しかし、夫がいくら離婚をしたくても妻が離婚を拒否している場合など、慰謝料の代わりに解決金と言う名目でお金を支払って離婚を成立させることもあります。
また、有責配偶者の収入や、婚姻年数、別居期間などによって一概には言えませんが、一般的な慰謝料の相場は大体200万円~300万円と言われています。
しかし協議離婚等の話し合いで、夫婦間での円満な離婚が決まった場合には慰謝料の額も様々になります。
2.養育費
養育費は、子どもの無事な成長を助けるためのお金です。子どもを育てていくには様々なお金がかかります。離婚したとしても、子どもへの扶養義務はなくならないため養育費は支払う義務があります。
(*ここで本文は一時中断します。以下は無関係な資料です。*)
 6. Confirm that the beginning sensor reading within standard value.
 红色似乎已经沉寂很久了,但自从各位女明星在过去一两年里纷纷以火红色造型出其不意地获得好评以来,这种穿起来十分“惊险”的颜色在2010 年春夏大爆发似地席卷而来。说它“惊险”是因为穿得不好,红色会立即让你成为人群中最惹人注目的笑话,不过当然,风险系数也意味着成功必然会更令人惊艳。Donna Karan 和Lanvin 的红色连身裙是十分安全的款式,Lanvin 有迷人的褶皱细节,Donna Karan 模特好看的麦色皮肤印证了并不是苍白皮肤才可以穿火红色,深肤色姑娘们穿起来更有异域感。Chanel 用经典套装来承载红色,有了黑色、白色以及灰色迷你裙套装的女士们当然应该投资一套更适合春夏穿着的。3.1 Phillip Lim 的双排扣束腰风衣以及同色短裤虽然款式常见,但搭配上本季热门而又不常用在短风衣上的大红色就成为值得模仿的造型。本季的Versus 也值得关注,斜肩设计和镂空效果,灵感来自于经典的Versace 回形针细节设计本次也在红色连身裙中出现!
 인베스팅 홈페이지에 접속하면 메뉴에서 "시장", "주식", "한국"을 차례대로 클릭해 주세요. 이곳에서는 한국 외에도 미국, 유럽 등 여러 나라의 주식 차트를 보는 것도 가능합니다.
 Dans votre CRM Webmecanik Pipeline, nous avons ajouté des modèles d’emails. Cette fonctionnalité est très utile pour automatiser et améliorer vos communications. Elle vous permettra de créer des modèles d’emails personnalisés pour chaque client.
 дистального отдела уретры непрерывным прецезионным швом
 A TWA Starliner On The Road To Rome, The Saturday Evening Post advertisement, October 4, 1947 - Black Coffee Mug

養育費は離婚した妻、夫のためのものではなく子どものために支払うものです。
男性の中には(反対の場合もありますが)養育費の不払いや、減額のことなど第一に考えてしまう人もいますが、民法や福祉法でも養育費の支払いはきちんと決められています。
養育費は、どんなに支払い義務者に養育費を支払う余裕がなかったとしても、親がどんなに苦しかろうと、生活水準を落としてでも、親として子どもの生活のために必ず支払うべきお金です。
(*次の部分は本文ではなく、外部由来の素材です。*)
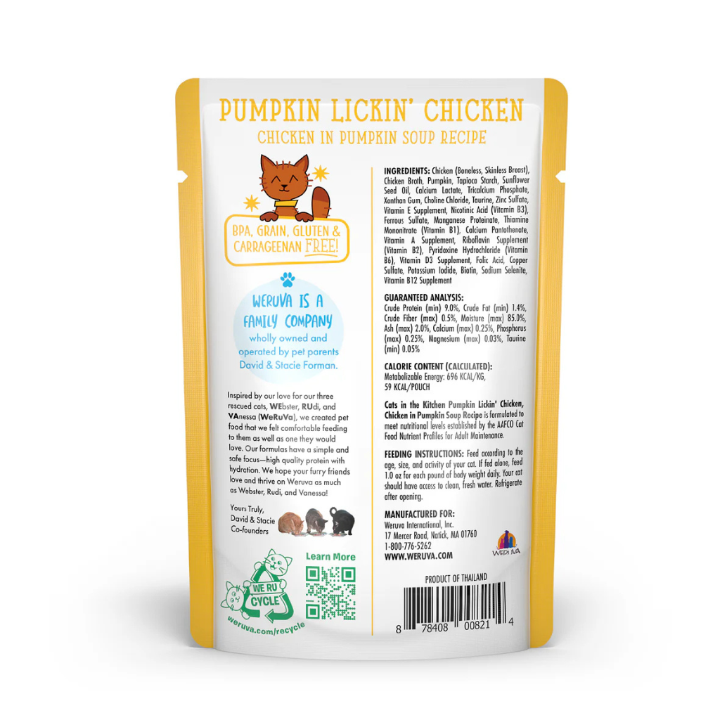 Pumpkin Lickin' Chicken in Pumpkin Soup features tender, boneless, skinless white chicken breast in a savory pumpkin soup. It’s grain-free, gluten-free, BPA-free, and carrageenan-free. Recycle used pouches with WeRuCycle for added sustainability.
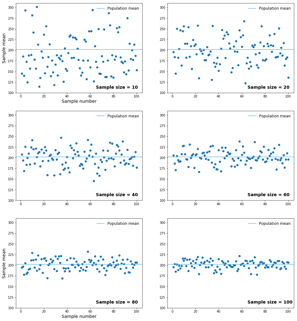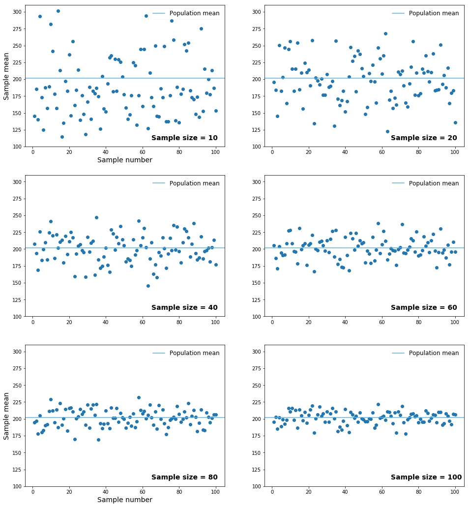 On the scatter plot from the previous screen, we can see that the sample means vary a lot around the population mean. With a minimum sample mean of 115 points, a maximum of 301.4, and a population mean of roughly 201.8, we can tell that the sampling error is quite large for some of the cases.

父親の義務として支払うべきお金だと言うことを理解してください。
夫婦間に未成年の子どもがいる場合、子供の親権を持つ方に養育費を支払う必要があります。
子どもの親権が妻にあり、養育費を支払う場合には、毎月の養育費がどれぐらいの金額になるものなのかを計算しておく必要があります。(また原則として、養育費は毎月支払うものであり一括で支払いはできません。)
一般的な養育費の相場は、子供1人の場合3万円から6万円程度と言われていますが、実際に離婚調停や離婚裁判となった場合はきちんとした基準があります。
養育費はどのぐらい支払うことになるのかは協議離婚や調停では話し合いで決まりますが、裁判となれば算定表が目安となります。
ではあなたがもし、支払い義務者となり養育費を支払うとしたら一体いくら支払うべきでしょうか。
まず、養育費は、支払い義務者の基礎収入と子どもの人数と子どもの年齢に合わせて区分されて計算されます。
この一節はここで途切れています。